Fate - 11

89.2K 7.1K 83
                                    

Mataku mengerjap, langsung saja perasaan sakit yang teramat sangat langsung menghujam hatiku. Hati yang terasa diremukkan oleh tangan tak terlihat. Aku ingat masa itu, Mami tidak bisa membohongiku lagi. Alasan sebenarnya Papi meninggal...

Kutatap kedua telapak tanganku, terbersit di benakku telapak tangan yang berlumuran darah.

Juga jeritan di sana - sini. Membuat kepalaku pusing luar biasa. Aku menangis. Untuk pertama kalinya aku merasakan hatiku robek, terbelah menjadi dua.

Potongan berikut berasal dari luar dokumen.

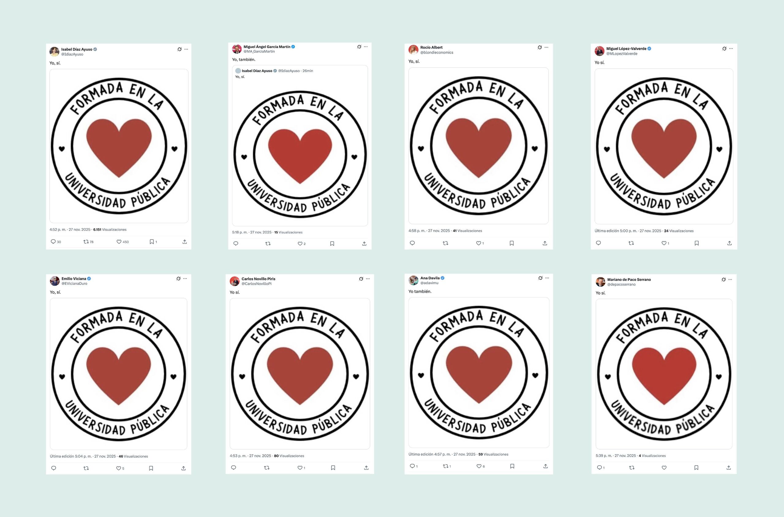 "Formada en la universidad pública", dice el mensaje. A lo que Ayuso añade un "yo, sí", en clara referencia a los estudios en instituciones privadas que cursó el propio Sánchez y otros cargos socialistas.
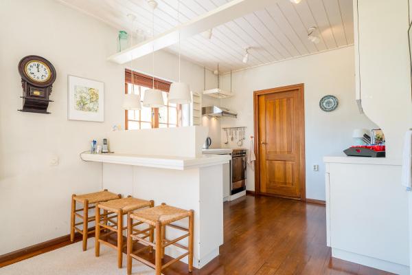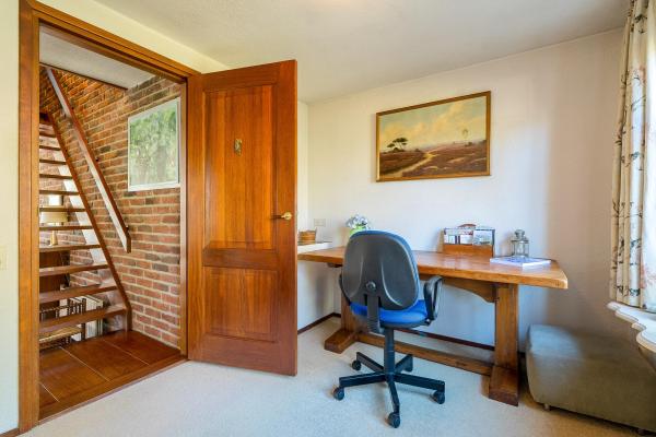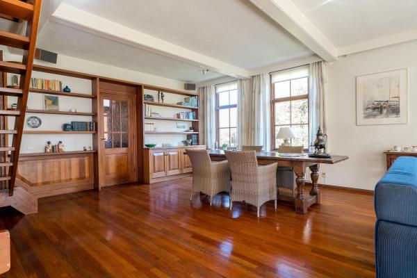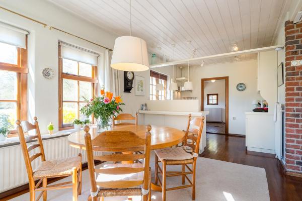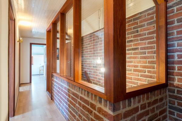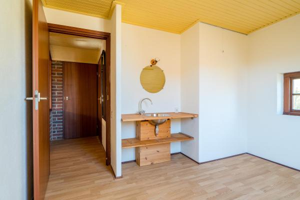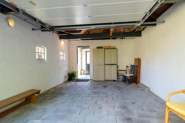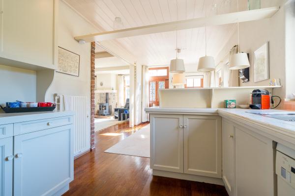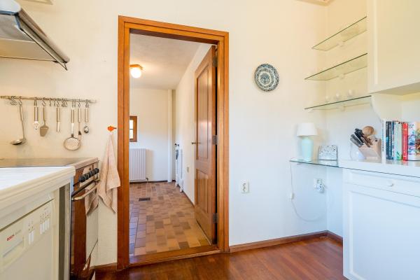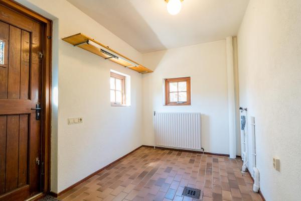 Entree/hal, toilet met fonteintje, ruime lichte woonkamer met houtkachel, eetgedeelte, half open keuken, bijkeuken met spoelbak en toegang naar de kelder en naar buiten, kantoor.
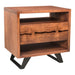 Crafted from solid Acacia wood and supported by geometric steel legs, the Madagascar nightstand offers an aesthetically pleasing rugged appeal blending rustic and industrial design. Thoughtfully designed with a single drawer between two open spaces to cater to your bedside essentials, this piece is both practical and visually captivating.
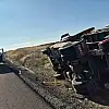 Konya’nın Kulu ilçesi yakınlarında kontrolden çıkarak devrilen tırın sürücüsü hafif yaralandı.

Aku merasa benar - benar sendiri, tidak ada yang menginginkanku. Tidak ada yang benar - benar mengharapkan keberadaanku.

Aku hanyalah sampah.

Tangisanku berubah menjadi isakan, cukup. Jangan menangis... Kamu kuat Tay, kamu bukan manusia lemah, kamu bisa berdiri tegak, kamu tidak boleh bersandar pada siapapun, kamu...

Aku menangis lagi.

"Taylor ada ap--astaga!" kudengar suara Kiera berdengung di telingaku, lalu suaranya yang memanggil sahabat - sahabatku yang lain.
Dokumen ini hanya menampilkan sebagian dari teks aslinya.